**Supplied material**
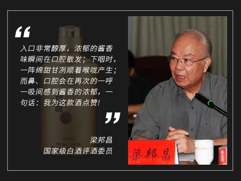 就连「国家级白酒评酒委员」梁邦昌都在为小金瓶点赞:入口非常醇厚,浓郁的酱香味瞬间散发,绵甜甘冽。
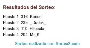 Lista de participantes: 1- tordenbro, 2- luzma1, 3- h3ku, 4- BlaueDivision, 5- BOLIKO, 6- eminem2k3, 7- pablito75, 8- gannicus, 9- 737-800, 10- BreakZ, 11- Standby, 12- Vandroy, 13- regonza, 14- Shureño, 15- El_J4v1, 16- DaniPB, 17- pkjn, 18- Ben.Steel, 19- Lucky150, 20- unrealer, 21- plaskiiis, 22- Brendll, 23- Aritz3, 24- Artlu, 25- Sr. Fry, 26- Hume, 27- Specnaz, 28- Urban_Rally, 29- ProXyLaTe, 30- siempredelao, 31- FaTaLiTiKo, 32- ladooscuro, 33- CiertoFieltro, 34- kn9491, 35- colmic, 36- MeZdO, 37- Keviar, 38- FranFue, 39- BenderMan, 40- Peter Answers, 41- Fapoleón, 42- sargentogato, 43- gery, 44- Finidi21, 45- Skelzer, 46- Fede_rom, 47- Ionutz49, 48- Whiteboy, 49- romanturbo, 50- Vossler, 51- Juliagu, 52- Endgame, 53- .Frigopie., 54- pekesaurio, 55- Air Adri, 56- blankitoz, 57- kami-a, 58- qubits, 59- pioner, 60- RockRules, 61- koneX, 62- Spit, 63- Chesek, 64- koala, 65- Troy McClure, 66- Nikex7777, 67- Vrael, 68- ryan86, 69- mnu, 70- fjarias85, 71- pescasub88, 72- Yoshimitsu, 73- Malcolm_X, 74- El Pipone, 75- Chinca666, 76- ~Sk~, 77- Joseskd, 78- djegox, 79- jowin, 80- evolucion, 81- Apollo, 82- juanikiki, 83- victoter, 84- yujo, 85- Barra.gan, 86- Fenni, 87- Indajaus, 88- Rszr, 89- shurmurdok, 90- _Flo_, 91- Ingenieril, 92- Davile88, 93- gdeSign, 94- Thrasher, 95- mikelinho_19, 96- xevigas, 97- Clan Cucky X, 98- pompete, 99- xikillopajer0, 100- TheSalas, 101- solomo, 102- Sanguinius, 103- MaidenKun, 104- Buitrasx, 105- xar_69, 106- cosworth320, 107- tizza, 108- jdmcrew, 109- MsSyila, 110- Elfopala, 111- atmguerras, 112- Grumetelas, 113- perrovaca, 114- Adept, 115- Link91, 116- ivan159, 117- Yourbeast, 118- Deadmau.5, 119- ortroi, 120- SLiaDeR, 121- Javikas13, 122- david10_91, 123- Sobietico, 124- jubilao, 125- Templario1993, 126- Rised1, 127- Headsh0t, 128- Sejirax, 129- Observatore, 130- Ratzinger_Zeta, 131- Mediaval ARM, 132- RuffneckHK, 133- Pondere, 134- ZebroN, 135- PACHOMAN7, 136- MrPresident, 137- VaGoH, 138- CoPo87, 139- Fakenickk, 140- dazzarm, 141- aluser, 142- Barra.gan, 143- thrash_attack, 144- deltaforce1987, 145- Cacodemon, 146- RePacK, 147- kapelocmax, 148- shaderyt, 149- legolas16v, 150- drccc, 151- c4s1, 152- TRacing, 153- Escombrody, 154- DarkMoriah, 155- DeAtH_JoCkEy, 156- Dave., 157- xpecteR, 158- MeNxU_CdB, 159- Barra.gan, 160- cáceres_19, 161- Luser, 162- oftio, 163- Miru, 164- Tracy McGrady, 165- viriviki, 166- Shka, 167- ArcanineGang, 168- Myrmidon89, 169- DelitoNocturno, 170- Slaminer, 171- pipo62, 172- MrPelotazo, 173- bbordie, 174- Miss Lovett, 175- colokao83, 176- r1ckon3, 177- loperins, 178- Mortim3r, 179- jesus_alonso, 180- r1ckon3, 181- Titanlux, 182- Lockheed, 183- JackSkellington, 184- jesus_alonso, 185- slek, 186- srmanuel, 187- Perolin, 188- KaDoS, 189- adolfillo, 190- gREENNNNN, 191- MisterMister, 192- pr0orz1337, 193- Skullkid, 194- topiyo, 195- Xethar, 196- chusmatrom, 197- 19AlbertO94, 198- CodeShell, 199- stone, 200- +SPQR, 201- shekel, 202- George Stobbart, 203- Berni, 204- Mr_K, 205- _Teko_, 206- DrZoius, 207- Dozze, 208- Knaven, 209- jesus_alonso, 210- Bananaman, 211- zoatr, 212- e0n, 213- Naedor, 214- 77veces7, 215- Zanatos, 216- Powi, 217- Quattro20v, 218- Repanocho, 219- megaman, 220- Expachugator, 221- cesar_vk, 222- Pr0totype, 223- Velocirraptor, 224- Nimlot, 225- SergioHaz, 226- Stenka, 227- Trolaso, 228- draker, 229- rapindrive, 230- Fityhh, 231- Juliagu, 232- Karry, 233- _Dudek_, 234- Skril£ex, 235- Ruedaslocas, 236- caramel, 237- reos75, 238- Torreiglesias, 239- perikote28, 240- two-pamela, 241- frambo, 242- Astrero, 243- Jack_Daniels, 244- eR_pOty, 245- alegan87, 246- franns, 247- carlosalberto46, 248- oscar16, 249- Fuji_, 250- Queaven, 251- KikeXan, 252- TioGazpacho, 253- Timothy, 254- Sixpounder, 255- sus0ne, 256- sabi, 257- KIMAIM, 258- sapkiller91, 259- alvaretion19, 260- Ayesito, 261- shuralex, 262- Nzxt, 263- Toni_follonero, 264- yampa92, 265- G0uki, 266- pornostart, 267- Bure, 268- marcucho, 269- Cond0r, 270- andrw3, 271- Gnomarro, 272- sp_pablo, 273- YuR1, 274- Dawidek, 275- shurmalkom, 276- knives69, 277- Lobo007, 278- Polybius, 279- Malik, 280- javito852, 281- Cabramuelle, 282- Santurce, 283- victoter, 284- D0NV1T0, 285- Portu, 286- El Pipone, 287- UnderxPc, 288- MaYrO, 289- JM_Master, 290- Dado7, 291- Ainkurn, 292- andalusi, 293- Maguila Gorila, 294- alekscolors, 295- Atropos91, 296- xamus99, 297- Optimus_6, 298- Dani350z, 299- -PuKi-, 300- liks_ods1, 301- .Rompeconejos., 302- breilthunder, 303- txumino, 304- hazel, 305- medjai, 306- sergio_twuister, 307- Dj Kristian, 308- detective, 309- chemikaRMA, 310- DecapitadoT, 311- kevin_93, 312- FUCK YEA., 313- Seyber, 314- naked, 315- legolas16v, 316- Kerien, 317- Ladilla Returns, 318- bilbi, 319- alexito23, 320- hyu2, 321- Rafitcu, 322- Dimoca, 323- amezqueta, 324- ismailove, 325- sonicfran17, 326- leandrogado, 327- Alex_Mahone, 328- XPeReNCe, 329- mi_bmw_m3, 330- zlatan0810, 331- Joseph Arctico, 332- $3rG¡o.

* * *

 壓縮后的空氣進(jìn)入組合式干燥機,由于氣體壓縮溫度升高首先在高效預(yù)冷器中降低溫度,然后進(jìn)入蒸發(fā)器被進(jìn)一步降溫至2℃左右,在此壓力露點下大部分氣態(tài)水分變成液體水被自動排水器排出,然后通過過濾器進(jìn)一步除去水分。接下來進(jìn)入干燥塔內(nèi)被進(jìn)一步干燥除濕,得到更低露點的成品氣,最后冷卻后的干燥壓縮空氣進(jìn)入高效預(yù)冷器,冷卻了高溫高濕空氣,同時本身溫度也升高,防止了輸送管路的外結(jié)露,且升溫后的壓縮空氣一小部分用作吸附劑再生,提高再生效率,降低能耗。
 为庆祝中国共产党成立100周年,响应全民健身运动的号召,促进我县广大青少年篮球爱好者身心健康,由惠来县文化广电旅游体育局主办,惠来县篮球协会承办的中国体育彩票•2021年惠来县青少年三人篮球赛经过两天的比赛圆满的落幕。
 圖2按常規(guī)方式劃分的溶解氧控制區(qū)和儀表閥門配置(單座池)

**What is being asked**
Extract from the listing above the lines between the line containing "壓縮后的空氣進(jìn)入組" and the line containing "圖2按常規(guī)方式劃分的溶解氧控制區(qū)和儀表閥門配置(單座池)", keeping both of those lines. Output nothing else.

**Expected answer**
 壓縮后的空氣進(jìn)入組合式干燥機,由于氣體壓縮溫度升高首先在高效預(yù)冷器中降低溫度,然后進(jìn)入蒸發(fā)器被進(jìn)一步降溫至2℃左右,在此壓力露點下大部分氣態(tài)水分變成液體水被自動排水器排出,然后通過過濾器進(jìn)一步除去水分。接下來進(jìn)入干燥塔內(nèi)被進(jìn)一步干燥除濕,得到更低露點的成品氣,最后冷卻后的干燥壓縮空氣進(jìn)入高效預(yù)冷器,冷卻了高溫高濕空氣,同時本身溫度也升高,防止了輸送管路的外結(jié)露,且升溫后的壓縮空氣一小部分用作吸附劑再生,提高再生效率,降低能耗。
 为庆祝中国共产党成立100周年,响应全民健身运动的号召,促进我县广大青少年篮球爱好者身心健康,由惠来县文化广电旅游体育局主办,惠来县篮球协会承办的中国体育彩票•2021年惠来县青少年三人篮球赛经过两天的比赛圆满的落幕。
 圖2按常規(guī)方式劃分的溶解氧控制區(qū)和儀表閥門配置(單座池)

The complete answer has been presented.